Mais si les tangos de Manzi sont magnifiques, c’est aussi parce qu’il a su s’entourer de grands compositeurs, capables de mettre en musique les mêmes sentiments qu’il a mis en paroles. Deux rencontres de Manzi ont marqué d’une trace indélébile l’histoire du tango. La première, avec Sebastián Piana, avec qui il revalorisa le candombe et la milonga, genres à moitié tombés dans l’oubli, et qui a mis en musique les trois milongas citées plus haut, ainsi que d’autres tangos importants comme El pescante ou Manoblanca La seconde, avec Anibal Troilo, avec qui il écrit la plupart de ses tangos majeurs, comme Discepolin, Barrio de tango, Sur, et Che bandonéon, ces derniers lorsqu’il se savait déjà atteint du cancer qui allait l’emporter.

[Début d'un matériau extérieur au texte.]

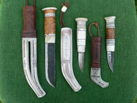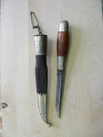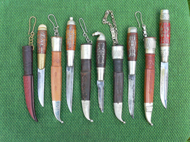 SaamelaispuukotArktiset olosuhteet asettavat puukolle erityisiä vaatimuksia. Sen tulee olla monikäyttöinen ja kestävä, sekä puukon että tupen osalta. Nämä puukot edustavat maassamme täysin omaa tyyppiään. Niiden valmistuksessa on käytetty paljolti lujaa ja helposti saatavilla olevaa poronluuta. Pää on palasista koottu, käyttäen osittain puuta, tuohta ja luuta. Terät ovat aina hyvää hiiliterästä, jota entisinä aikoina saatiin mm. loppuunkäytetyistä viiloista. Lapin karu luonto ja kaamos ovat siivittäneet koristelun huimaan lentoon. Kauniit kaiverrukset pitkin poronluisia pintoja hivelevät katselijan silmää sekä puukon päässä että tupen pinnoilla. Ennen taidokkaita valmistajia oli viljalti, mutta nykyään vain muutamat harvat osaavat ja viitsivät enää uhrata aikaansa puukon koristeluun. Perinne on kuitenkin säilyvää ja eräs sen vaalijoista on Petteri Laiti Inarissa.

Manzi, né en 1907, nous quitte en 1951. Il avait à peine 44 ans. Avec lui s’achève, symboliquement, une époque du tango, certainement la meilleure. Cátulo Castillo écrit alors A Homero, un de ses plus beaux poèmes. Et l’on dit que, en apprenant le décès de son ami, Anibal Troilo s’est enfermé dans sa chambre avec son bandonéon, et qu’il ne l’a pas quitté avant d’achever la composition d’un tango magnifique, un tango-requiem sans paroles, en guise d’adieu, ou en guise de prière, qu’il a intitulé Responso. Et Ernesto Sabato écrira un peu plus tard : « Heureux soit toi, qui est parti lorsqu’il était encore temps d’écrire des tangos qui parlent de tresses et d’épiceries, quand les esprits n’étaient pas encore aussi secs et remplis de violence. Il n’y aura désormais plus de fiancées attendant derrière les rideaux de leurs fenêtres, le dernier petit orgue de barbarie vient de disparaître, l’âme du quartier a perdu sa voix ».
Je venais tout juste d’arriver, Homero, quand tu es parti, et je n’ai pas pu te connaître. Mais on m’a raconté que le soir de ton départ, les cafés d’Almagro, de Boedo, de Patricios, de Pompeya, étaient en deuil, et même que Malena a chanté ce soir pour la dernière fois, la voix brisée et le regard sombre, tes meilleurs tangos. Et l’on m’a dit aussi que la ville entière de Buenos Aires, Homéro, a eu un chagrin de bandonéon.